Marriage matters! I have wanted to post my thoughts about marriage, traditional marriage in particular, for some time but the plethora of thoughts seemed overwhelming. However, last week, it became crystal clear what I needed and wanted to say.
As the marriage/anti-marriage/new marriage/or whatever has progressed in recent years, I have reacted strongly because I am fully committed and vested in traditional marriage, that is one man and one woman. Thousands of years of human history attest that there has always been an acceptance of this paradigm. One can search through hundreds of cultures, marriage as the historical paradigm has been a norm for most cultures. You can travel to every nation to which one can travel and this paradigm for marriage still exists. Where can you go; to what nation can you refer; what place has a norm for marriage that is radically and widely different from one man and one woman? I’m just asking for some historical evidence here.

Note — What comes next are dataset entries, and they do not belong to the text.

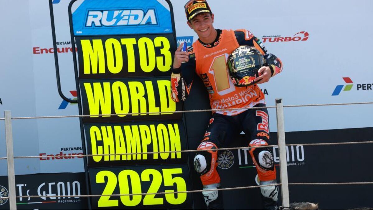 O piloto espanhol José Antonio Rueda (Red Bull KTM Ajo) sagrou-se este domingo campeão do mundo de Moto3 ao vencer o Grande Prémio da Indonésia, em Mandalika, numa corrida interrompida por bandeira vermelha.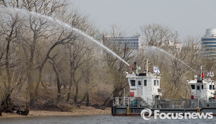 (서울=포커스뉴스) 22일 오후 서울 영등포구 밤섬에서 한강사업본부 관계자들이 조류 산란기 전 버드나무에 쌓인 민물가마우지의 배설물 등을 청소하고 있다.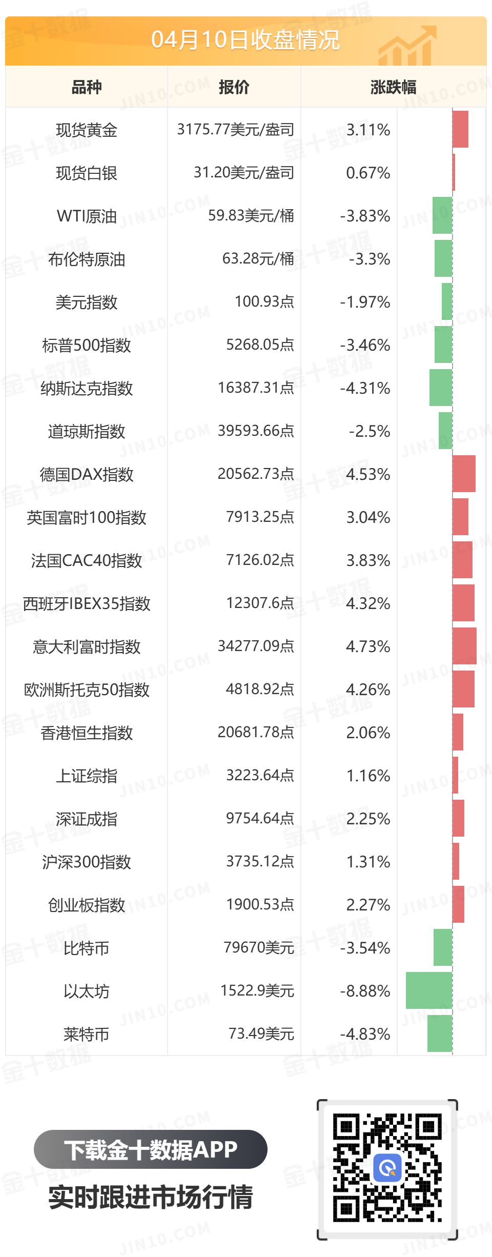 3、美国3月未季调CPI年率为2.4%,创半年低位,低于2.6%的市场预期。市场几乎完全定价美联储6月降息。特朗普称通胀已下降。
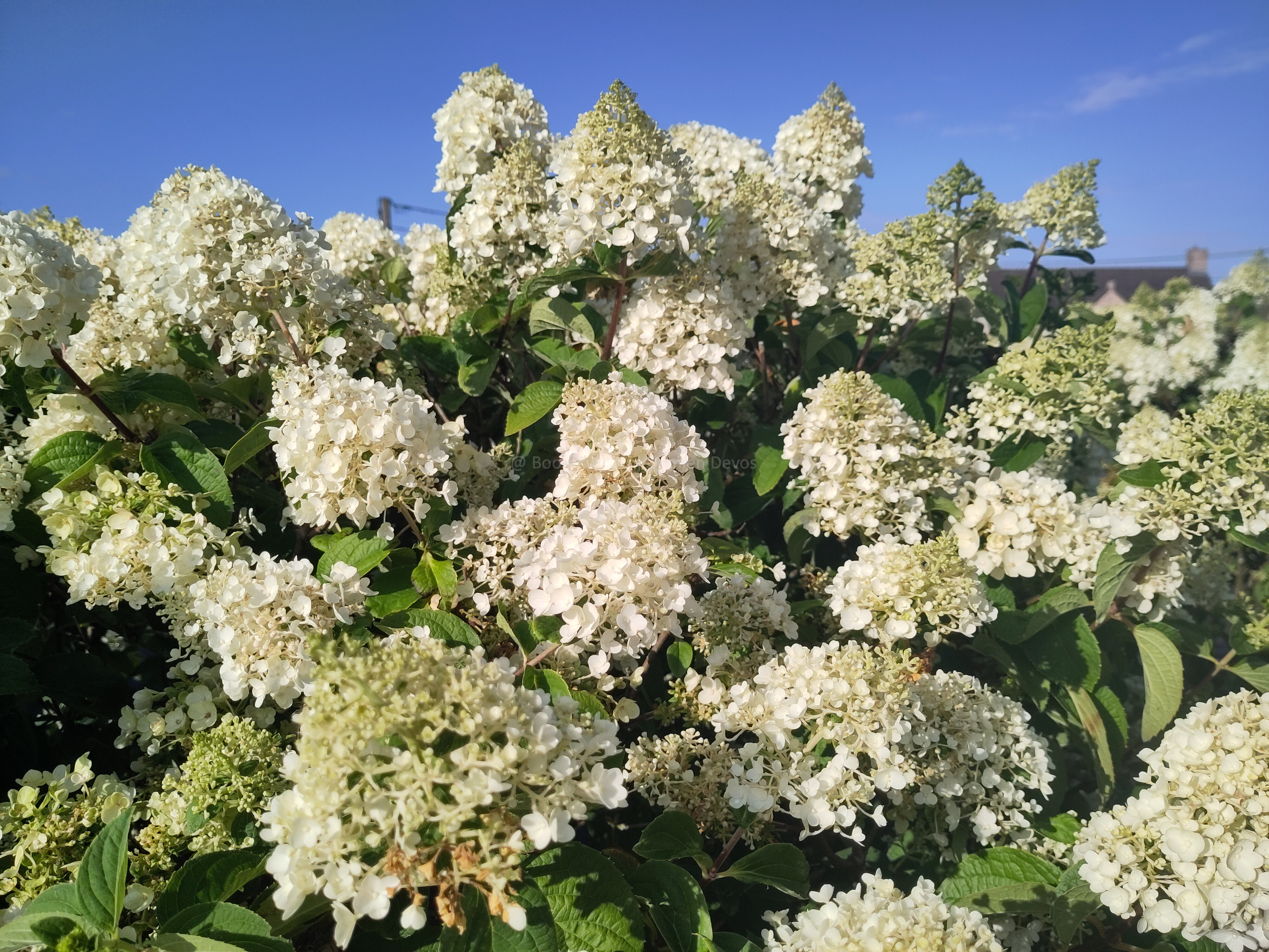 Prachtige, compacte, rijkbloeiende struik met witte bloemen in de zomer, die naar het eind een beetje roze worden.

So, why does marriage matter? The fact is that marriage is vitally important because of the children/citizens it produces. Statistics still show that children thrive and excel best in a two parent, one man–one woman home. The children do better in social adjustment, in academic maturation, in job success, in social interaction, and several other areas. On the flip side, children from a one parent home or a broken home through divorce, tend to have more problems in school-social and academic, are more likely to end up in poverty, to drop out of their education, turn to drugs/drinking/crime more easily than those from two parent families. These statistics are relatively easy to find so I will not site them here.
Let me close with these thoughts. Marriage is in fact about reproducing the human race; while that is not the only purpose it serves, it is certainly one of the primary purposes. In marriage there are social, legal, and often spiritual declarations supporting marriage. The family is the first and perhaps the most important classroom for children. In ages past, boys learned about manhood and became men in the family, and girls learned about womanhood and became women in the family. Society shaped the family often by the nationality of the family, but the shaping was done via the family unit. When a parent died and left only one parent, extended family often stepped in or others in the community because children needed what the family offered and society embraced that fact. The single parent phenomenon is a modern development and we now have enough statistics to show that it is not the best place for children to thrive and mature. I know single parents that have done wonderful jobs raising children, but that is an exception and I praise those I have known for their perseverance and courage to face such a daunting challenge. However, the statistics are available for all to study and I invite you to do so. I have and continue to hear the mounting evidence that the a two parent marriage, one man-one woman is the best place for children to be.
Marriage is as much about children as it is about anything else including companionship.